**Extracted records:**
====================
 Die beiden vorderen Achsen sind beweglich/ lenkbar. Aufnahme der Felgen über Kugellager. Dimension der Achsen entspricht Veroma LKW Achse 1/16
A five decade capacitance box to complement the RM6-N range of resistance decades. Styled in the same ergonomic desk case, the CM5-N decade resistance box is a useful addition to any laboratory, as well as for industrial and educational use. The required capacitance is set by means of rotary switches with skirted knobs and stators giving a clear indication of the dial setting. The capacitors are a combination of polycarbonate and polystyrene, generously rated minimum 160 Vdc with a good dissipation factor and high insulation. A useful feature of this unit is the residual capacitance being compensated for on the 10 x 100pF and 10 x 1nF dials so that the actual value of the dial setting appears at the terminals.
====================
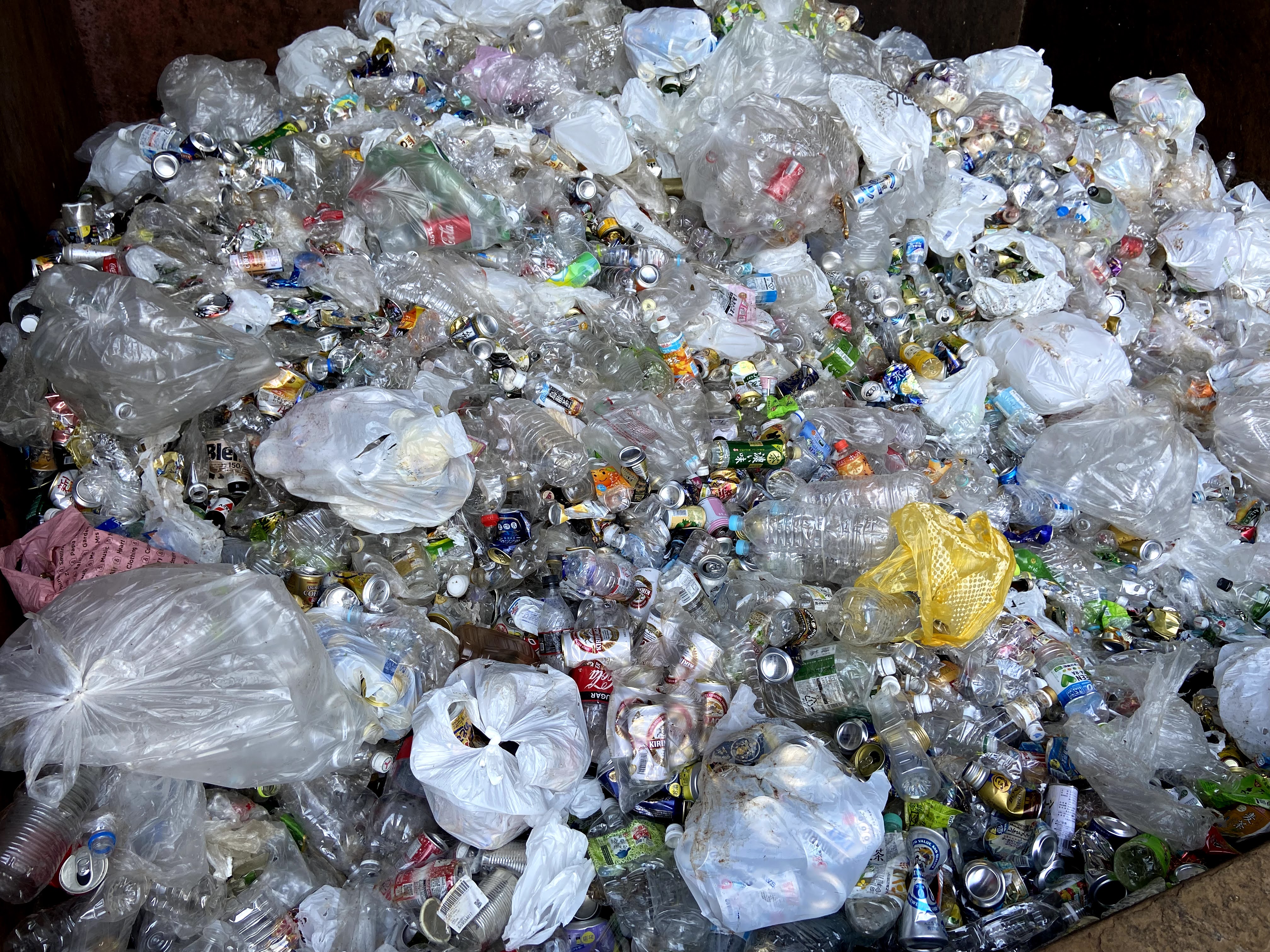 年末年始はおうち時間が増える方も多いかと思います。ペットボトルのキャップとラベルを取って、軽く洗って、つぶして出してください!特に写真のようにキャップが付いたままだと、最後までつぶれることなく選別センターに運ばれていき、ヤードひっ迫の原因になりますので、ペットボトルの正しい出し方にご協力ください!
====================
Beginning with the line holding "Die beiden vorderen" and ending with the line holding "A five decade", write out the stretch of material above exactly; add no further lines.

 Die beiden vorderen Achsen sind beweglich/ lenkbar. Aufnahme der Felgen über Kugellager. Dimension der Achsen entspricht Veroma LKW Achse 1/16
A five decade capacitance box to complement the RM6-N range of resistance decades. Styled in the same ergonomic desk case, the CM5-N decade resistance box is a useful addition to any laboratory, as well as for industrial and educational use. The required capacitance is set by means of rotary switches with skirted knobs and stators giving a clear indication of the dial setting. The capacitors are a combination of polycarbonate and polystyrene, generously rated minimum 160 Vdc with a good dissipation factor and high insulation. A useful feature of this unit is the residual capacitance being compensated for on the 10 x 100pF and 10 x 1nF dials so that the actual value of the dial setting appears at the terminals.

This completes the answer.